Podemos encontrar a autonomia preservada em algumas pesquisas básicas, entretanto, do ponto de vista da ciência aplicada, tecnociência, vemos que parte considerável avalia interesses não somente de instituições científicas e de interesse do pesquisador. Na tecnociência, os valores de instituições como as Força Armadas e as Indústrias de todos os ramos (com destaque nas indústrias farmacêuticas, cosméticas e alimentares) a autonomia não tem sido efetivada. Ela é trocada por esquemas ou conjuntos de valores que são materializados na estratégia adotada. O papel da estratégia é:

[...] em primeiro lugar, prescrever restrições aos tipos de teorias a serem consideradas e investigadas, e aos tipos de categorias que elas podem empregar e, assim, especificar os tipos de possibilidades que podem ser identificadas no curso da pesquisa e, em segundo lugar, selecionar os tipos relevantes de dados empíricos a serem obtidos e registrados, e os fenômenos e aspectos dos fenômenos a serem observados e tomados como objeto de experimentos (LACEY, 2010, p. 20).

Grande parte das pesquisas da ciência moderna utilizam estratégias que empregam descrições materialistas, em que os estudos dos fenômenos são isolados da vida prática e da natureza (LACEY, 2005, 2008a, 2010). O problema desse tipo de estratégia é que nem todas as possibilidades podem ser contempladas, já que são abstraídas às condições de vida humana e ambiente e vida prática. Desconsideram o contexto em que serão introduzidos os produtos advindos dessas pesquisas e quais seriam as verdadeiras necessidades locais. Por outro lado, estratégias sensíveis ao contexto, não redutíveis às abordagens descontextualizadas não são muito empregadas, mas podem ser uma solução de diminuição para o ideal da neutralidade cognitiva e promoção de bem-estar amplo de sociedades em desenvolvimento.

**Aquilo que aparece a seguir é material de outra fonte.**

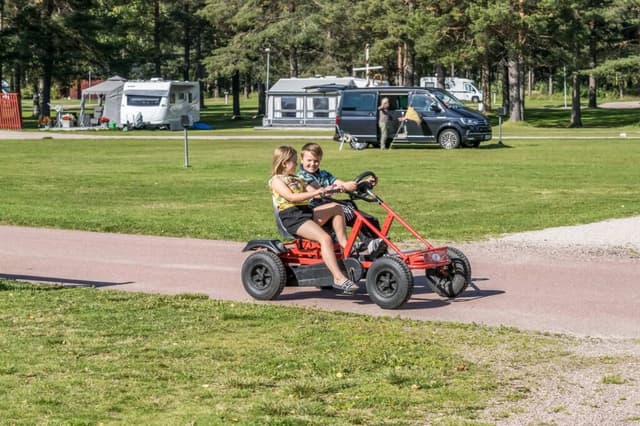 Met een fietsauto kan het hele gezin eenvoudig ons hele terrein ontdekken. Fiets alleen of samen met familie of vrienden – onze grootste fietsauto biedt plaats aan vier personen. De fietsauto’s zijn te huur in de winkel. Een leuke activiteit voor iedereen.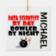 This is a unique ornament featuring the quote "Data Scientist by Day Bowler by Night", perfect for any data scientist that loves bowling.
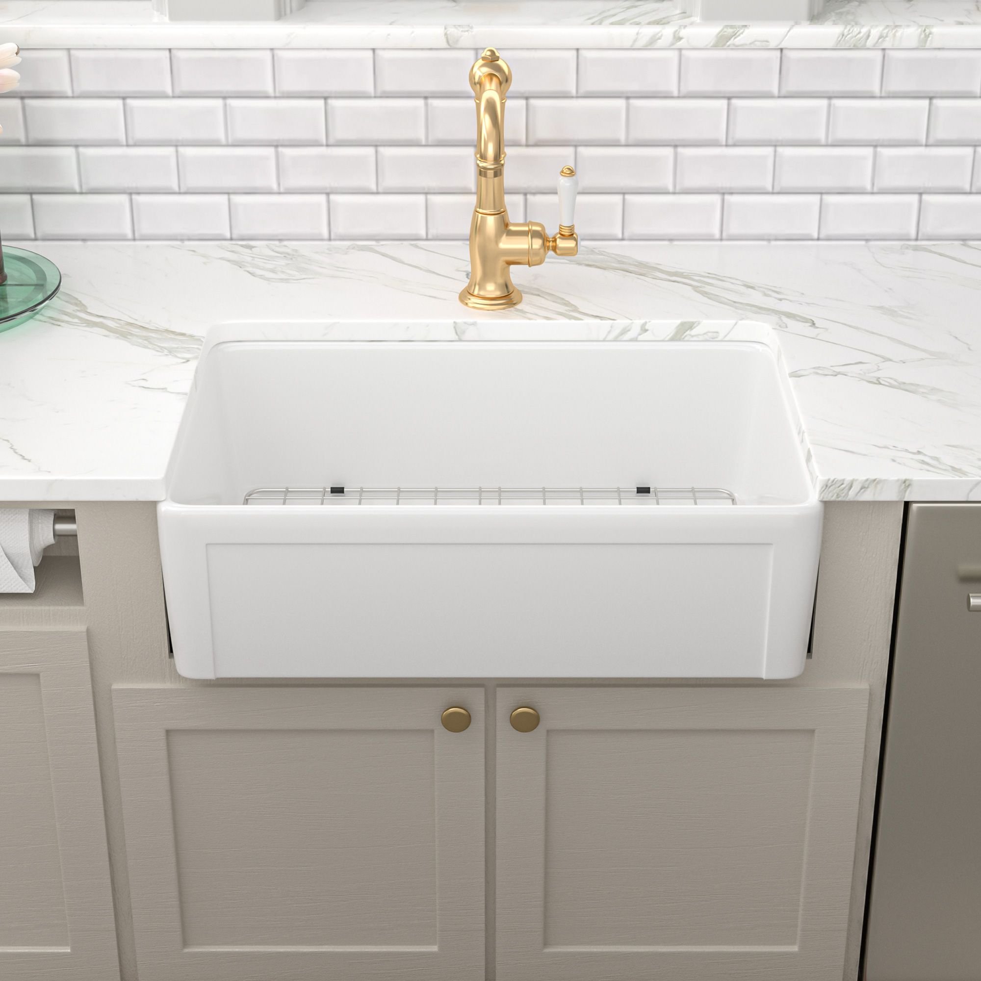 White Undermount Farmhuose Ceramic Kitchen Sink, Deep Apron Single Bowl Farm Sink with Bottom Grid White Undermount Farmhuose Ceramic Kitchen Sink, Deep Apron Single Bowl Farm Sink with Bottom Grid White Undermount Farmhuose Ceramic Kitchen Sink, Deep Apron Single Bowl Farm Sink with Bottom Grid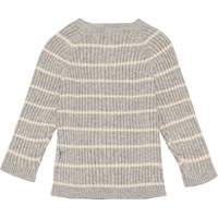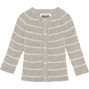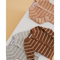 Bendix is a grey knit cardigan in rib with narrow white horizontal stripes. The cardigan has a round neck. Wear it with matching knit trousers.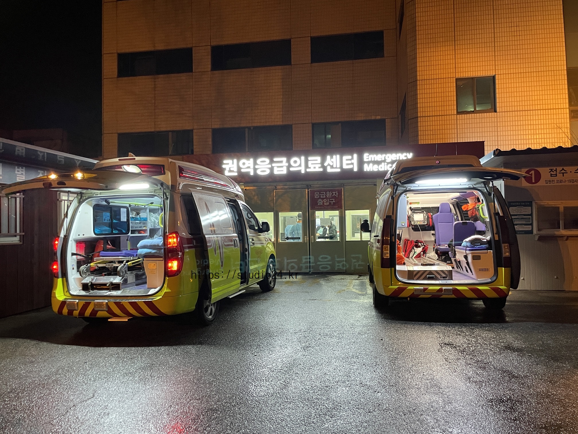 처음으로 119에 응급 요청을 했고, 응급차도 처음 타봤는데, 첫 이용 괜찮았습니다.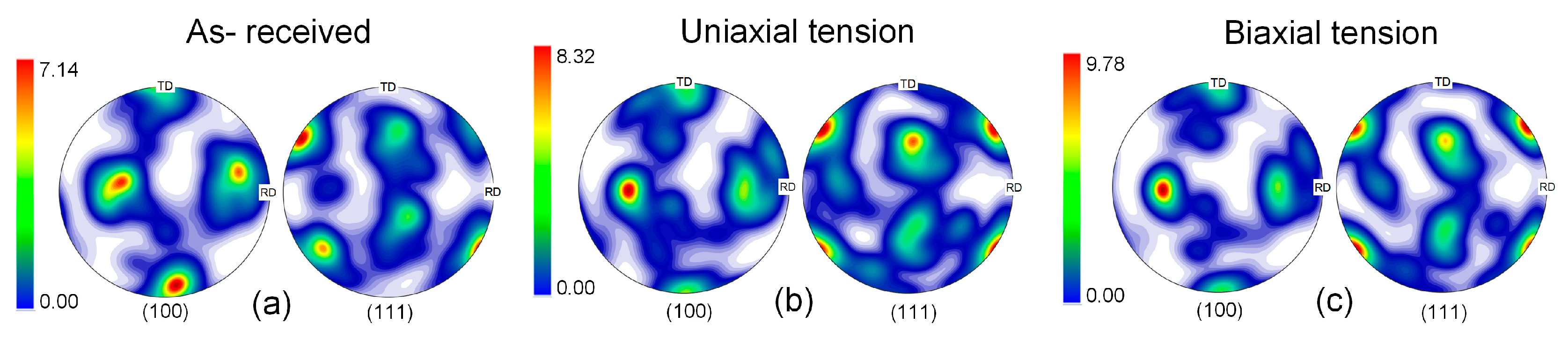 - Hajian, M.; Assempour, A. Numerical study on the effects of main BCC rolling texture components on the formability of sheet metals. Int. J. Adv. Manuf. Technol. 2015, 80, 245–253. [Google Scholar] [CrossRef]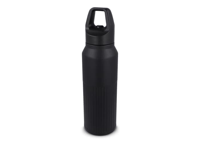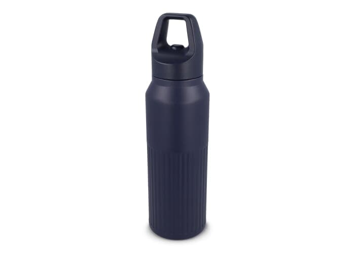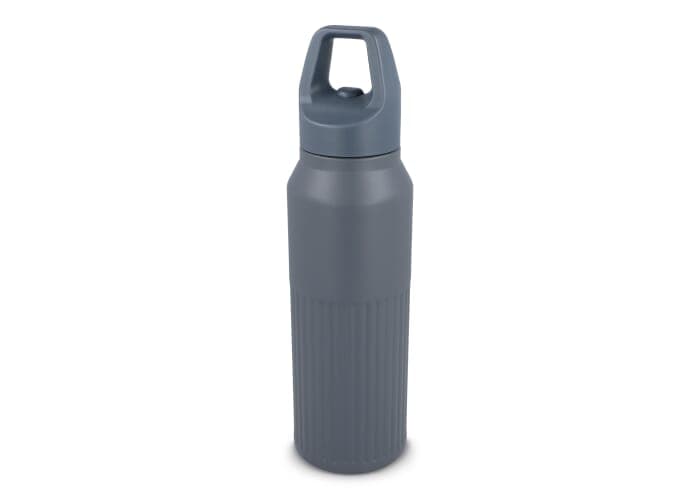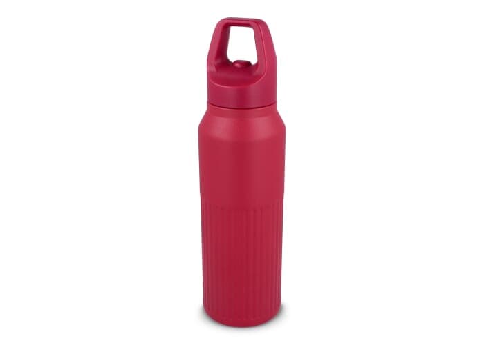 Rubuuste roestvrij stalen thermo fles met een inhoud van 500ml met een Easy-Click dop. De fles is voorzien een modern streep patroon. Warme dranken blijven 8 uur warm en koude dranken 24 uur koud. Per stuk in giftbox verpakt.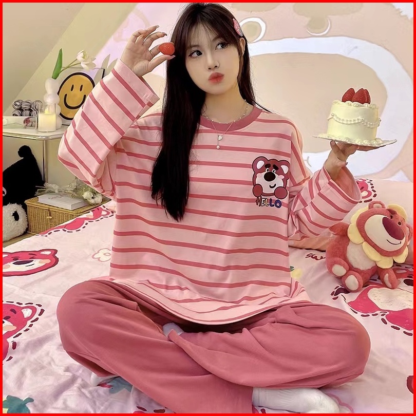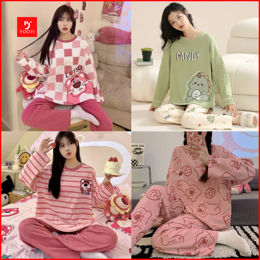 Yooyi Baju Tidur Jumbo 5xl Wanita Set Dewasa Bahan Katun Adem Lengan Panjang Celana Panjang Piyama Setelan Perempuan Ove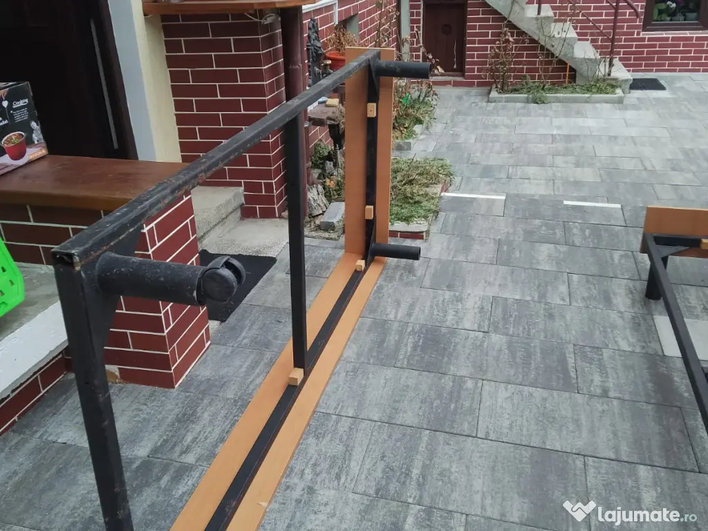 Cadru de pat metalic de 90x200 cm, folosit, în stare bună. Cadrul este realizat din metal negru și are detalii decorative din lemn. Poate fi utilizat pentru a susține o saltea de dimensiuni standard.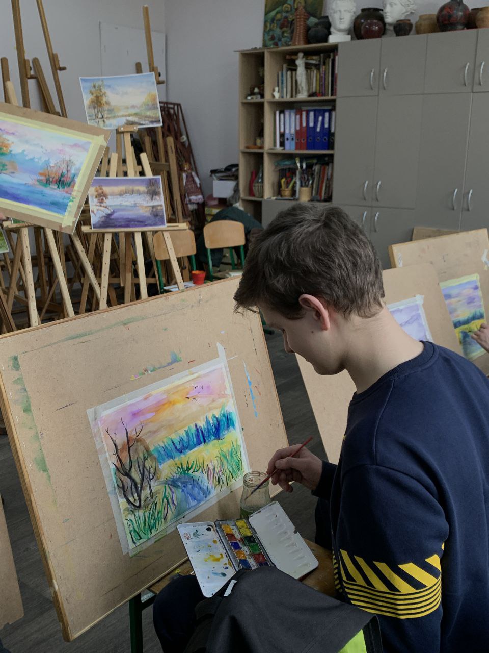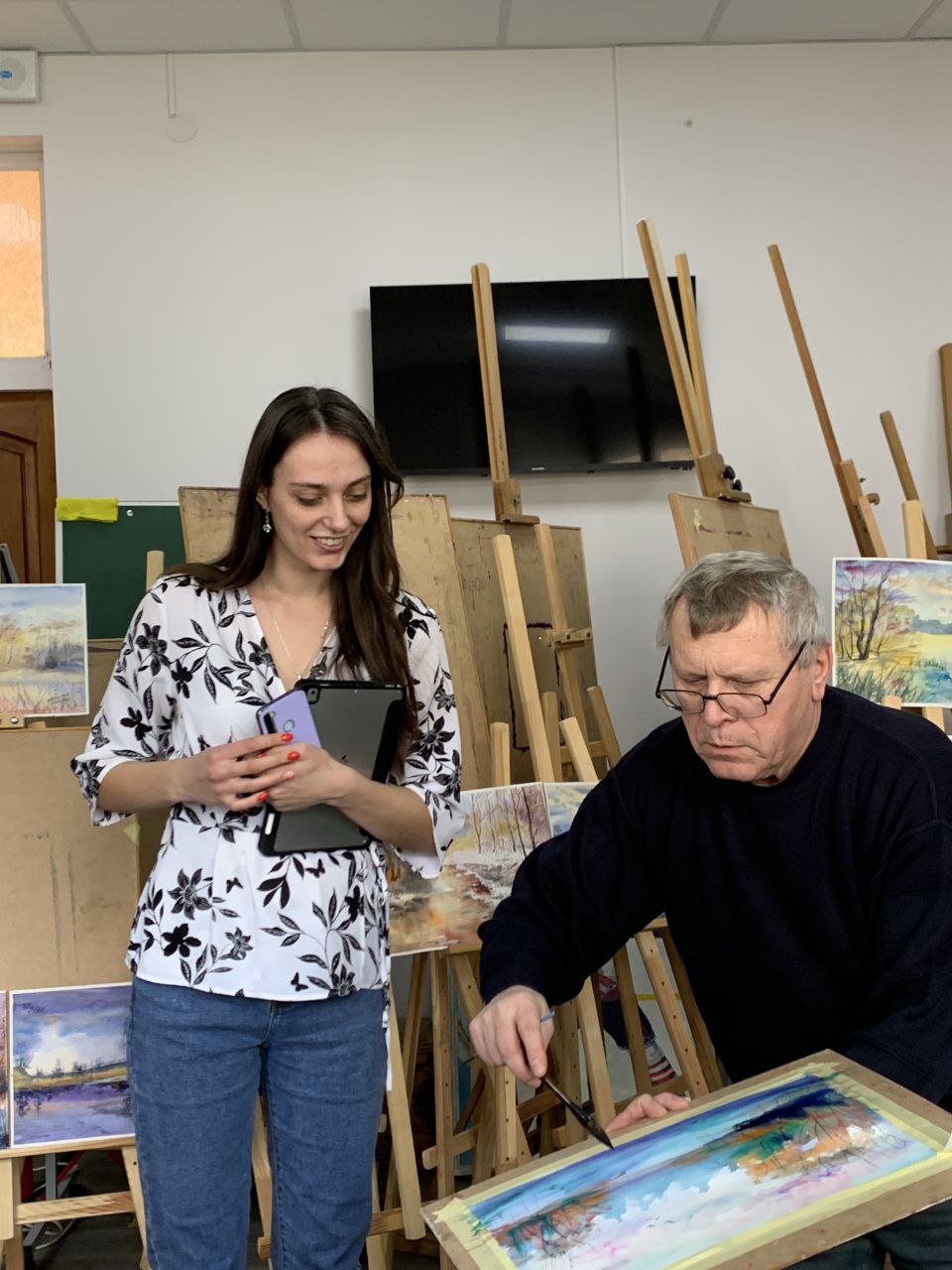 Студенти ІІ курсу спеціальності “Дизайн”, а також всі гості мали нагоду прослідкувати за роботою майстра та спробувати відтворити український пейзаж засобами акварельного живопису.

Aplicação tecnocientífica e o ideal da neutralidade

Para o cientificismo, ao ser a imparcialidade factível, a teoria aceita de acordo com valores cognitivos expressos em alto grau deve ser neutra; e todas as inovações da CT são aplicáveis em qualquer sociedade, podendo ser utilizadas tanto para o bem quanto para o “mal”. O corpo de conhecimento científico produzido serve de forma equitativa nas sociedades democráticas, e também faz parte do patrimônio compartilhado da humanidade (LACEY e MARICONDA, 2014).

Assim, a neutralidade, do ponto de vista cognitivo, é uma consequência lógica da imparcialidade (LACEY, 2005, 2010; LACEY; MARICONDA, 2014); o que não é verdadeiro é a neutralidade do ponto de vista da aplicação (neutralidade aplicada) e, portanto, não pode ser preservada. O conhecimento, avaliado de acordo com a imparcialidade, foi anteriormente orientado por uma estratégia. Os produtos que advêm desse conhecimento estão voltados para os interesses da estratégia adotada: antes da avaliação já foram restringidos os tipos de teorias a serem pesquisadas e selecionado o corpo de dados empíricos e dos fenômenos a serem observados.

Na ciência moderna, a maior parte das pesquisas utilizam a abordagem descontextualizada em conjunto com o moderno esquema de valor do controle (valores do mercado, de capital e do progresso tecnológico), o que gera alta tecnologia (hightech) (LACEY, 2008a) ou tecnociência comercialmente orientada (LACEY; MARICONDA, 2014).

Para Lacey, mudando a perspectiva de valor ligadas ao controle para os valores ligados ao florescimento humano, em conjunto com a pluralidade de estratégias, é possível gerar tecnologia que seja apropriada ao contexto da comunidade, de forma a fomentar o bem-estar para maioria das pessoas de uma região. Para sociedades já consideradas desenvolvidas, essa perspectiva é de certa forma utópica, mas, para Lacey é possível a implementação em países em desenvolvimento como o Brasil ou, até mesmo, em algumas regiões.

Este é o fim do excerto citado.